● **Work to complete**
The lines from the beginning of the records below through the one holding "A5 notebook with" are to be copied exactly; leave the pictures out.

● **Data to use**

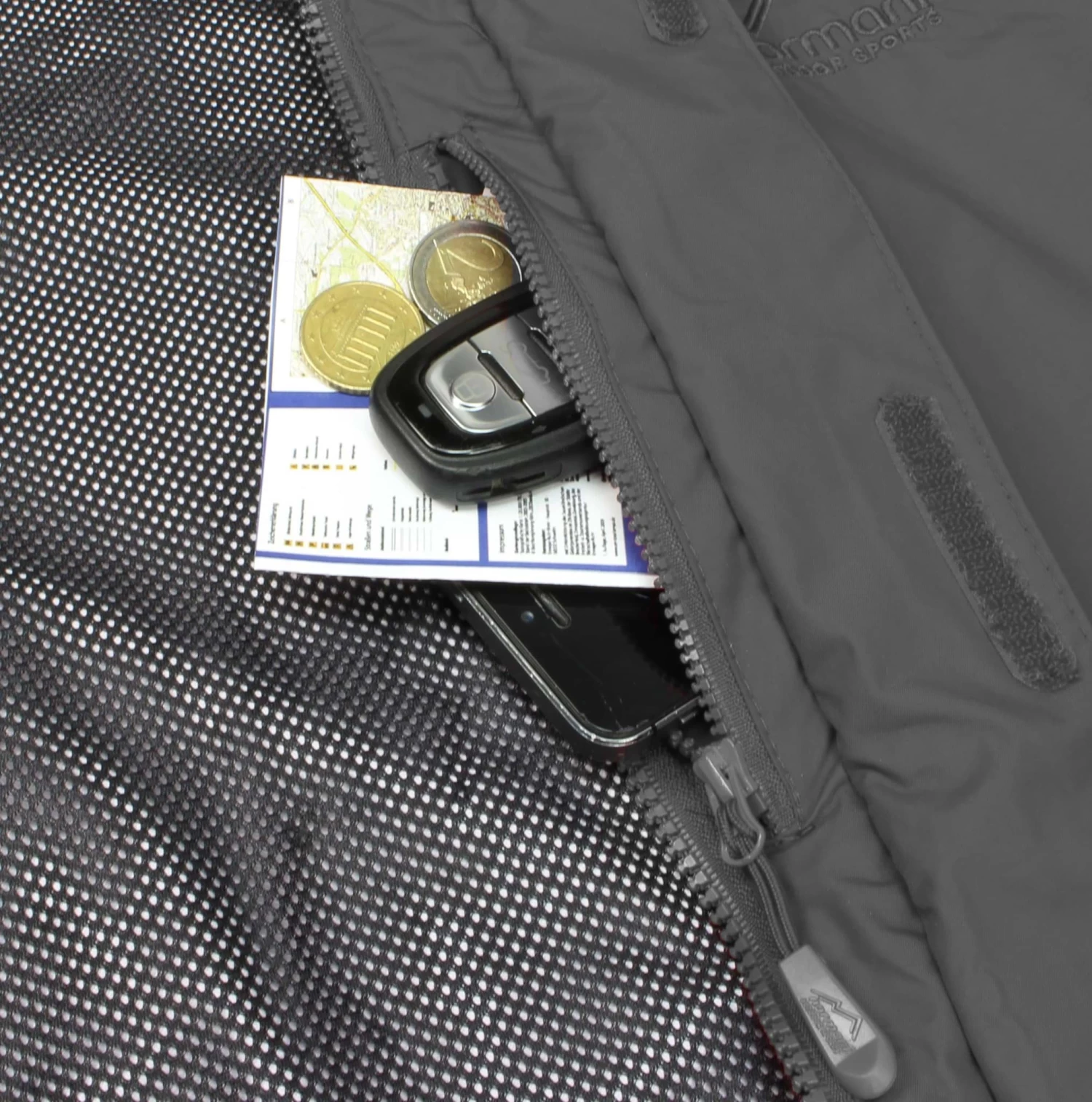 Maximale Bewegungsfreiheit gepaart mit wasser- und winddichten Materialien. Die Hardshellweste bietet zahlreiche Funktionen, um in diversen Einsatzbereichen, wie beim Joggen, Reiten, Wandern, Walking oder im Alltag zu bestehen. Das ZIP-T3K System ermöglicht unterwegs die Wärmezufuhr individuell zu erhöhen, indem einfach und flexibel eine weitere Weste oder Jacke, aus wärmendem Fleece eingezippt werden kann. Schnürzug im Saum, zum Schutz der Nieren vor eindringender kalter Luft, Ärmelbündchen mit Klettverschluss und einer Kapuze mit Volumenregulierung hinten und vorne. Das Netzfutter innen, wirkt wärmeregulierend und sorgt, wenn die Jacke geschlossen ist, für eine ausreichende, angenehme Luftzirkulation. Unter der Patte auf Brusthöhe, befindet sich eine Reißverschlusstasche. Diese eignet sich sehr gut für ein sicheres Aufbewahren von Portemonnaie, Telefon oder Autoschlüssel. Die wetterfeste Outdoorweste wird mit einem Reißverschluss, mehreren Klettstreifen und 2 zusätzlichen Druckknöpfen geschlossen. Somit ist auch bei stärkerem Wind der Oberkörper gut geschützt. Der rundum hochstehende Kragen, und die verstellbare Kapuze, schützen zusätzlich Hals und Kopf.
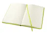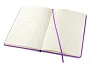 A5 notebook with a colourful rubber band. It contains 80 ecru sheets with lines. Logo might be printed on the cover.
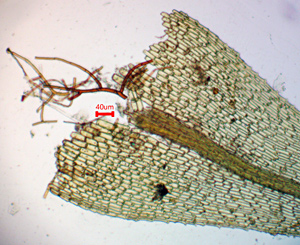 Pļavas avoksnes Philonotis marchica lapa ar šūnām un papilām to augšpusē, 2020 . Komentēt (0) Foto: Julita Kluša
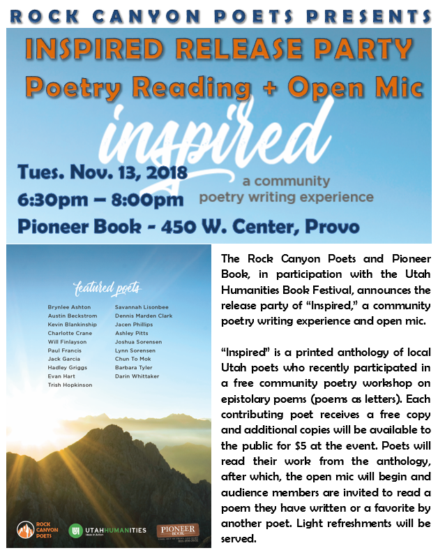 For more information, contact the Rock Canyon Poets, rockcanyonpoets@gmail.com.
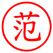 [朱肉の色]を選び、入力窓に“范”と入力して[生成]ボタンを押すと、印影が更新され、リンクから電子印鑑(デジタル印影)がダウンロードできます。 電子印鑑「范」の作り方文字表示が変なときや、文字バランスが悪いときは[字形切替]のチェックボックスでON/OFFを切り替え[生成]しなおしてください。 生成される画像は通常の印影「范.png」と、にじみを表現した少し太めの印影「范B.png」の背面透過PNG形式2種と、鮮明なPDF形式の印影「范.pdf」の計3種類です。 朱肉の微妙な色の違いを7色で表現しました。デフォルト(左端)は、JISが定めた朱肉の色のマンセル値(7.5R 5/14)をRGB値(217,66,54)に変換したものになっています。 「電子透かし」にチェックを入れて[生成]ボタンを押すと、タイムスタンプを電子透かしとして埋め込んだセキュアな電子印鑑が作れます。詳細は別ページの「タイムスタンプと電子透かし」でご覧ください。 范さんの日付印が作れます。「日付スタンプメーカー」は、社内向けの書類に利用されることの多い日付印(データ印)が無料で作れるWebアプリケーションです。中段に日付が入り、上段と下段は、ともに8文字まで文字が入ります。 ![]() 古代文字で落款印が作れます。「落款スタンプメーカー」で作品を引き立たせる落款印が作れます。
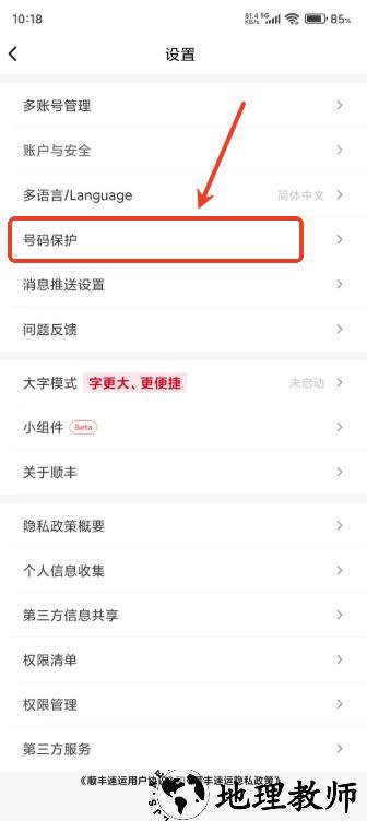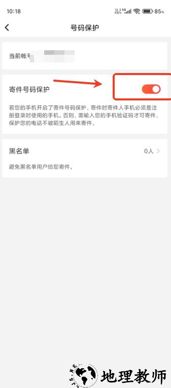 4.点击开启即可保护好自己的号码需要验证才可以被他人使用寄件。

● **Exercise result**
 Maximale Bewegungsfreiheit gepaart mit wasser- und winddichten Materialien. Die Hardshellweste bietet zahlreiche Funktionen, um in diversen Einsatzbereichen, wie beim Joggen, Reiten, Wandern, Walking oder im Alltag zu bestehen. Das ZIP-T3K System ermöglicht unterwegs die Wärmezufuhr individuell zu erhöhen, indem einfach und flexibel eine weitere Weste oder Jacke, aus wärmendem Fleece eingezippt werden kann. Schnürzug im Saum, zum Schutz der Nieren vor eindringender kalter Luft, Ärmelbündchen mit Klettverschluss und einer Kapuze mit Volumenregulierung hinten und vorne. Das Netzfutter innen, wirkt wärmeregulierend und sorgt, wenn die Jacke geschlossen ist, für eine ausreichende, angenehme Luftzirkulation. Unter der Patte auf Brusthöhe, befindet sich eine Reißverschlusstasche. Diese eignet sich sehr gut für ein sicheres Aufbewahren von Portemonnaie, Telefon oder Autoschlüssel. Die wetterfeste Outdoorweste wird mit einem Reißverschluss, mehreren Klettstreifen und 2 zusätzlichen Druckknöpfen geschlossen. Somit ist auch bei stärkerem Wind der Oberkörper gut geschützt. Der rundum hochstehende Kragen, und die verstellbare Kapuze, schützen zusätzlich Hals und Kopf.
 A5 notebook with a colourful rubber band. It contains 80 ecru sheets with lines. Logo might be printed on the cover.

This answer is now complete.